Akumulator trzyma tylko kilka dni


Gość majakthecoder

Rekomendowane odpowiedzi

Gość majakthecoder

Witam miłośników Nissana!

 

Od niedawna jestem szczęśliwym posiadaczem Primery P12 1,8 DCI z 2004. Niestety poprzedni właściciel zataił przede mna fakt, że akumulator trzyma tylko kilka dni.

 

Zebrałem kilka wskazówek, które mam nadzieję, że pozwolą Wam nakierować mnie na rozwiązanie problemu:

 

- akumulator jest nowy - Centra, bezobsługowa, 74Ah

- przy włączonym silniku napięcie na klemach to 14,4V

- przy wyłączonym silniku napięcie akumulatora to ok 13,0V

- przy całkowicie wyłączonym samochodzie (silnik, swiatla, radio, itp) pobór prądu to ok 0.2A (skacze pomiędzy 0.19A a 0.24A), natężenie mierzone zaraz za (+) akumulatora

- po wyciągnięciu czarnego bezpiecznika 80A (na końcu skrzynki po prawej - w instrukcji serwisowej oznaczony jako H, jednak bez opisu) powoduje spadek poboru prądu do 0.1A

- wyciągnięcie pozostałych bezpieczników (pojedyńczo) nie powoduje odcięcia poboru prądu (nadal 0.1A bez czarnego bezpiecznika)
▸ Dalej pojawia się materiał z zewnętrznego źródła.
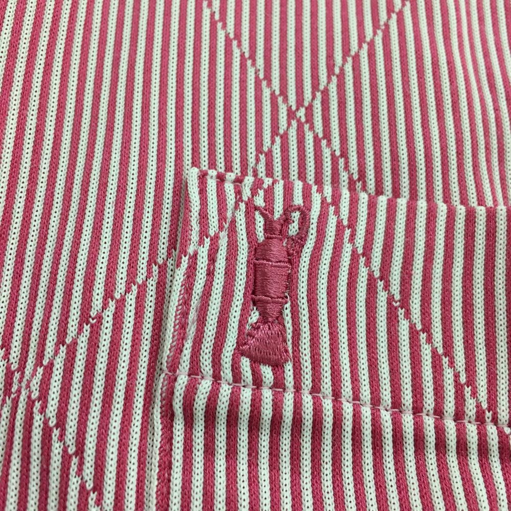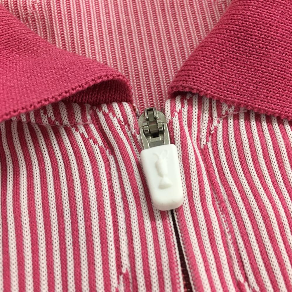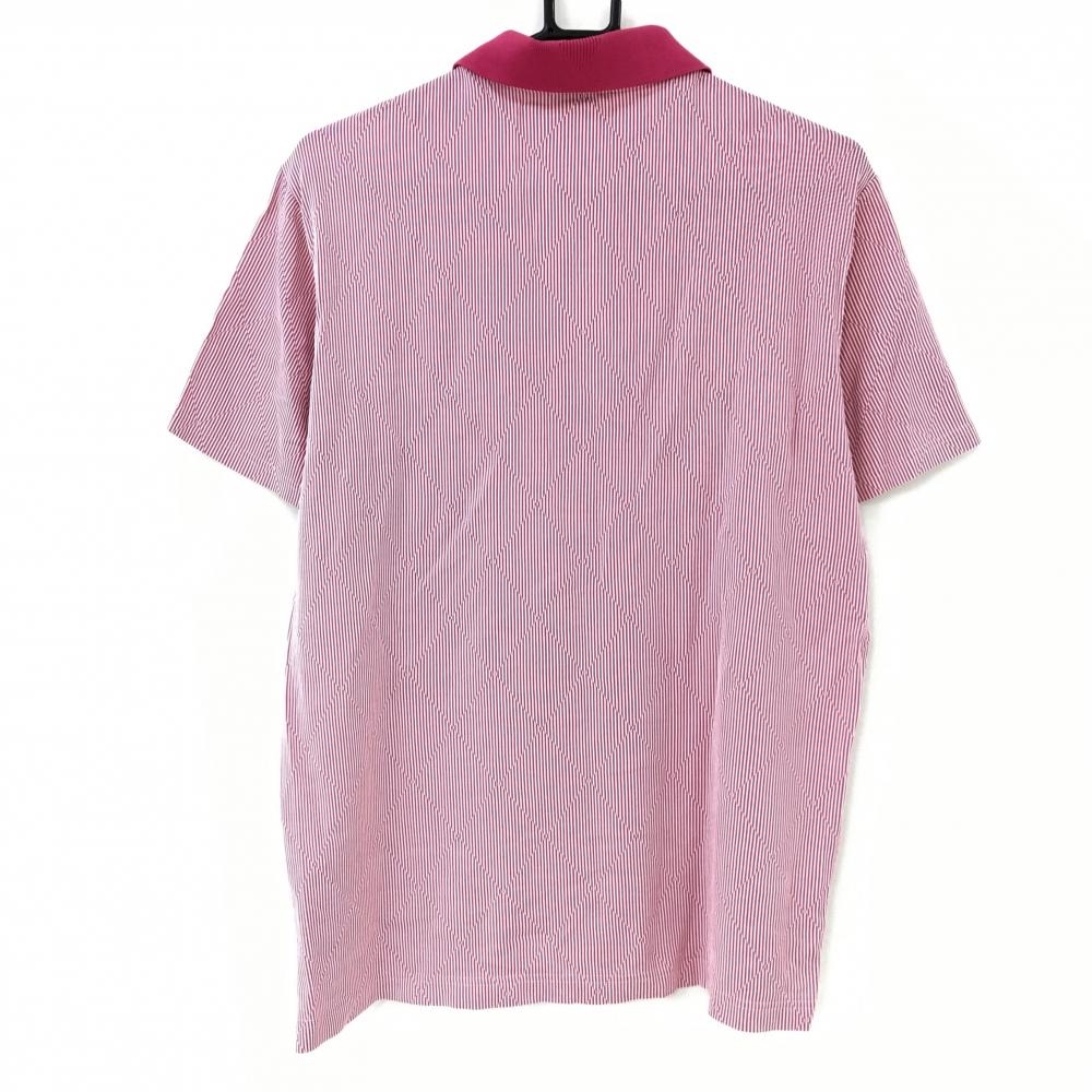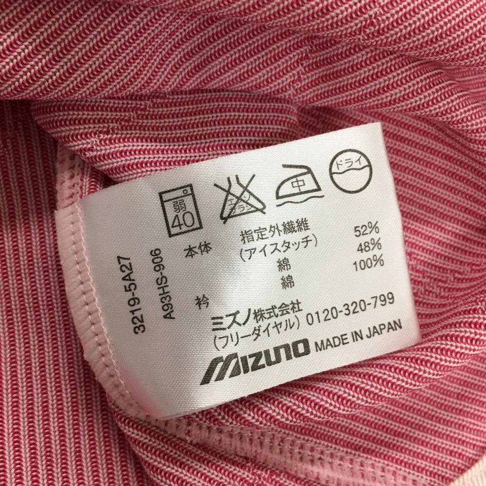 【美品】ミズノ THE OPEN 半袖ポロシャツ ピンク×白 細ストライプ ダイヤ織生地 アイスタッチ混 メンズ L ゴルフウェア MIZUNO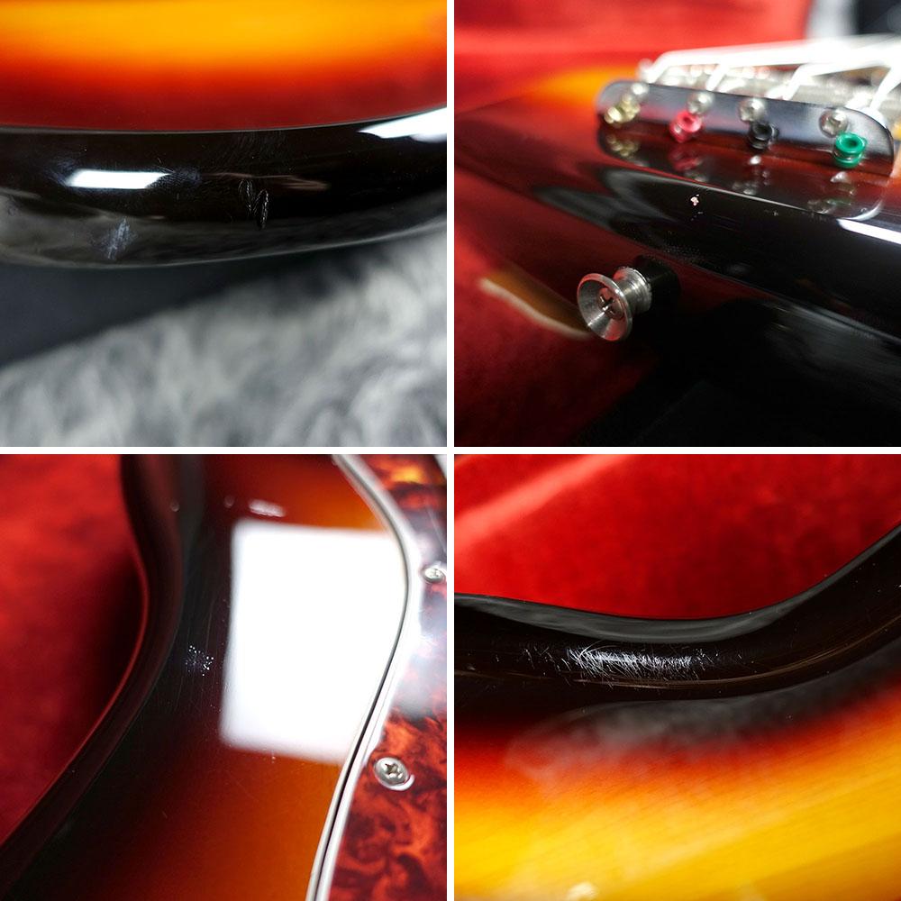 細かな擦り傷や打痕など年代相応の使用感に加え、長期間ハードケースで保管されていたのかボディ全体に塗装の反応痕のようなものがみられます。
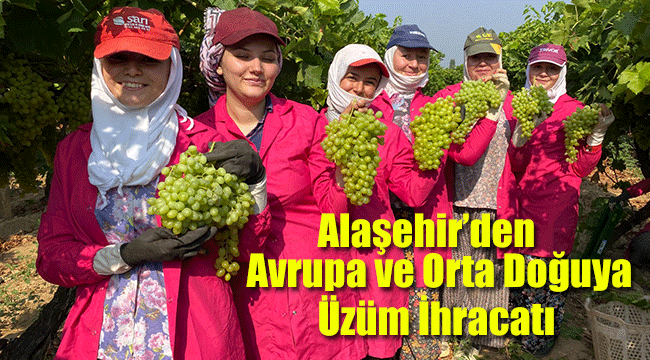 Alaşehir'de yetiştirilen ve yapılan hasadın ardından üzüm işleme tesisinde paketlenen çekirdeksiz Sultaniye üzüm TIR'larla, Ege Yaş Sebze ve Meyve İhracatçıları Birliği tarafından düzenlenen törenle Avrupa ve Orta Doğu ülkelerine ihracatı yapılmak üzere yola çıktı.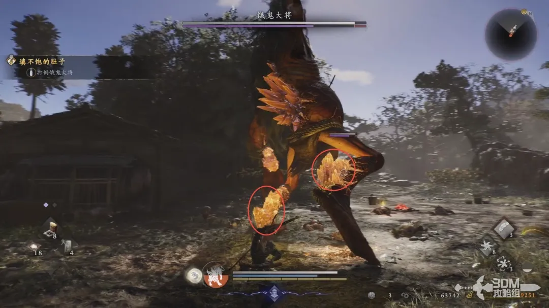 击败饿鬼大将,优先攻击双脚后面的晶装体,饿鬼大酱会倒地。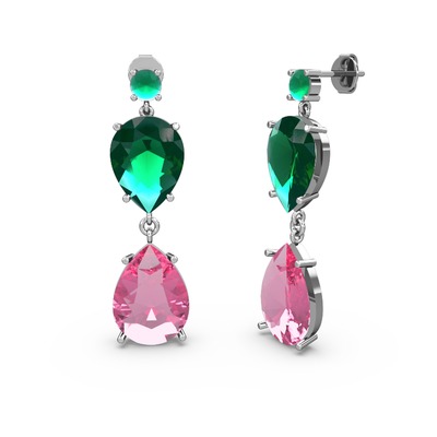 Kök zümrüt, pembe kuvars ve yeşil kuvars 8 ayar beyaz altın küpe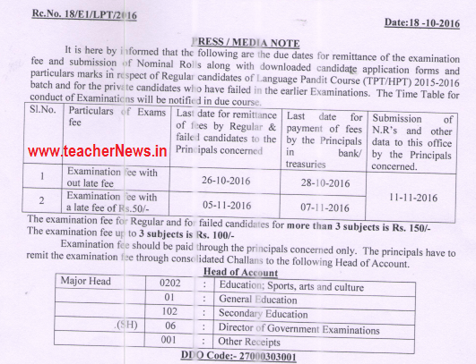 AP TPT/ HPT Exam fee last date released for 2015-16 Batch students. AP School Education has released LPT, Language Pundit Course TPT/HPT 2015-16 Batch Examination Fee Notification 2016 at www.bse.ap.gov.in. LPT Enhanced fee Particulars Download. ap lpt, language pandit course 2015-2016 batch exams fee due dates. Regular and failed candidates of Language Pandit Course (TPT/HPT) 2015-16 batch and for the private candidates.

- kiedy ładuje rozładowany akumulator prostownikiem 8A, prostownik od razu po podłączeniu pokazuje, że akumulator jest maksymalnie naładowany (prostownik jest nowy, jednak możliwe, że jest uszkodzony). Akumulator daje się jednak naładować prostownikiem bez problemu.

 

Bardzo bym Was prosił o jakieś wskazówki. Np czy jestem w stanie samodzielnie sprawdzić inne parametry, czy może powinienem oddać samochód do elektryka, do ASO nissana...

 

pozdrawiam!

Odnośnik do komentarza
Udostępnij na innych stronach

Bezobsługowy powiadasz :) - spróbuj sprawdzić poziom elektrolitu w celach. Być może da się jakoś zdjąć pokrywę i zobaczyć. Większość tych "bezobsługowych" daje tak naprawdę możliwość obsługi.

Odnośnik do komentarza
Udostępnij na innych stronach

Witam,

 

ja co prawda jestem uzytkownikiem Fiata Brava, ale moze masz ten sam problem, ktory wystapil u mnie.

 

Ja praktycznie codziennie jezdze wiec problemu dlugo nie zauwazalem. Ale jakis czas temu musialem wyjechac i auto stalo w garazu tydzien i akumulator rozladowal sie kompletnie - a byl taki sam jak Twoj (tylko ja mialem VARTA 750 Ah).

 

I zaczalem dochodzic i co sie okazalo.

 

Radio juz jakis czas temu wymienilem na nie firmowe - ale tak je podlaczylem, zeby po wyjeciu kluczyka nie gaslo. Owszem nie gaslo i wylaczalem je klawiszem. Tylko co sie okazalo, ze po wylaczeniu klawiszem - niby bylo wylaczone ale dioda sie swiecila i de-facto radio zostawalo w trybie standby - i to wlasnie zarlo dokladnie 0,2A co wystarczylo, zeby po tygodniu akumulator szlag trafil.

 

Zatem - proponuje zaczac od odlaczenia radia i wtedy sprawdz pobor pradu.

 

Pozdrawiam

 

Rostek

Odnośnik do komentarza
Udostępnij na innych stronach

Zarchiwizowany

Ten temat przebywa obecnie w archiwum. Dodawanie nowych odpowiedzi zostało zablokowane.

×
×
  • Dodaj nową pozycję...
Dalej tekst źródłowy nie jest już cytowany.